Si les admiratrices et admirateurs conservateurs de Weil ressentent des affinités avec elle, c’est uniquement parce qu’ils se méprennent sur son œuvre et sa vision d’une France et d’une Europe correctement enracinées. Ce faisant, ils pervertissent l’héritage d’une des références intellectuelles de leur pays –et démontrent avec quelle superficialité ils peuvent comprendre cette même culture qu’ils prétendent préserver.(...)
Reste que Weil n’avait cure de cette vision étriquée des racines. La défaite de la France, écrit-elle dans L’Enracinement –un passage que Wauquiez a sans doute raté– signale un nécessaire changement dans « notre manière d’aimer la patrie ». Elle précise que sa patrie n’est pas fondée sur le mythe d’une France éternelle bouffie de grandeur. Il s’agit au contraire d’un monde concret où l’indigène comme le nouvel arrivant peuvent s’enraciner l’un dans l’autre –dans l’âme et l’existence d’un voisin et d’un concitoyen– plutôt que dans l’abstraction d’une histoire commune.(...)
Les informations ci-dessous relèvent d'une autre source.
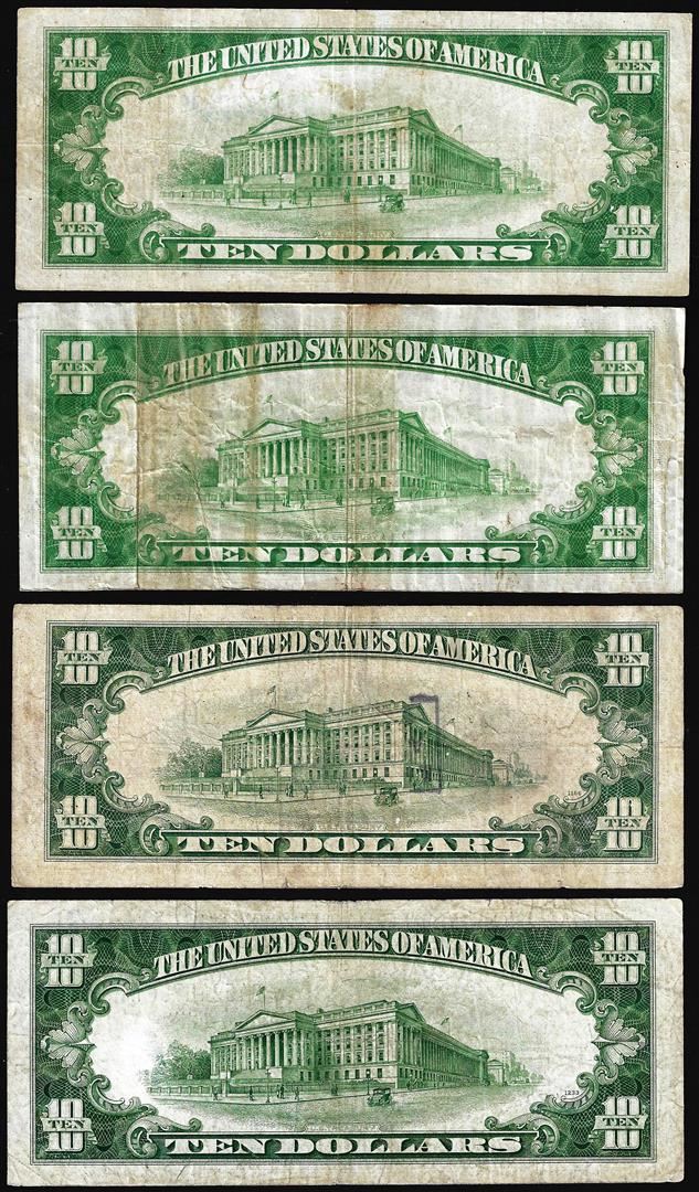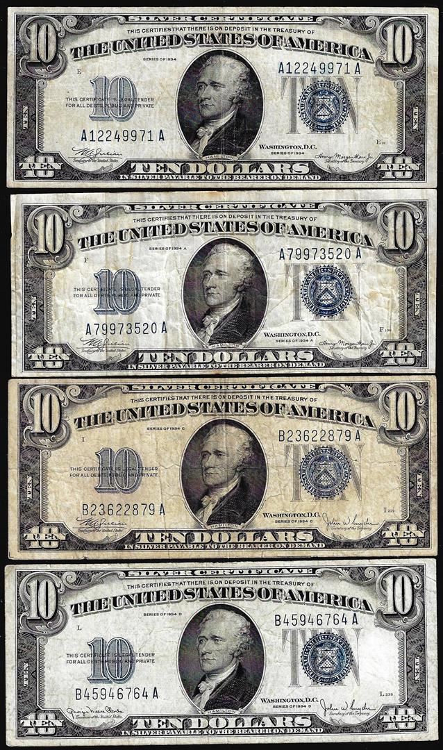One Lot of 1934/A/C/D $10 Silver Certificate Notes.

Weil décrit ce sentiment matériel d’enracinement –le lien avec ceux qui nous entourent– comme « le besoin le plus important et le plus méconnu de l’âme humaine ». Raison pour laquelle elle place la compassion, qui nous permet de percevoir ce besoin en nous-mêmes et chez les autres, au centre de sa philosophie politique, bien que ce que soit pas une qualité en général associée à la politique publique. Pour Weil, le renouveau de la France dépendait d’une nouvelle appréhension du patriotisme, qui avait la compassion en son sein. Au lieu d’être le devoir envers une Nation –ce qui, insiste-t-elle, a pu être une nécessité pratique à certaines époques, sans être par ailleurs une valeur méritant d’être portée au pinacle– le patriotisme relève d’une exigence bien plus ardue– le devoir envers autrui. Au final, la compassion reconnaît à la fois la fragilité des liens qui constituent une communauté et la vulnérabilité des vies qui les composent.(...)
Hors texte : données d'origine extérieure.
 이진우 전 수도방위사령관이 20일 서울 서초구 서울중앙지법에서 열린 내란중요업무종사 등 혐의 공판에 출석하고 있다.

Voici soixante-quinze ans, Weil saisissait déjà comment la croissance de la technologie et de l’automatisation, comme celle de l’État et des institutions privées, rendait les gens « affamés d’aimer quelque chose qui soit de chair et de sang ». Le problème, reconnaissait-elle, c’est que cette faim est facilement exploitable par nombre de scélérats, qu’importe leur place sur l’échiquier politique.(...)
Car s’il n’y a qu’une chose éternelle, ne cesse-t-elle de nous rappeler, ce n’est pas la France ou les États-Unis, mais l’« obligation envers tout être humain, du seul fait qu’il est un être humain ».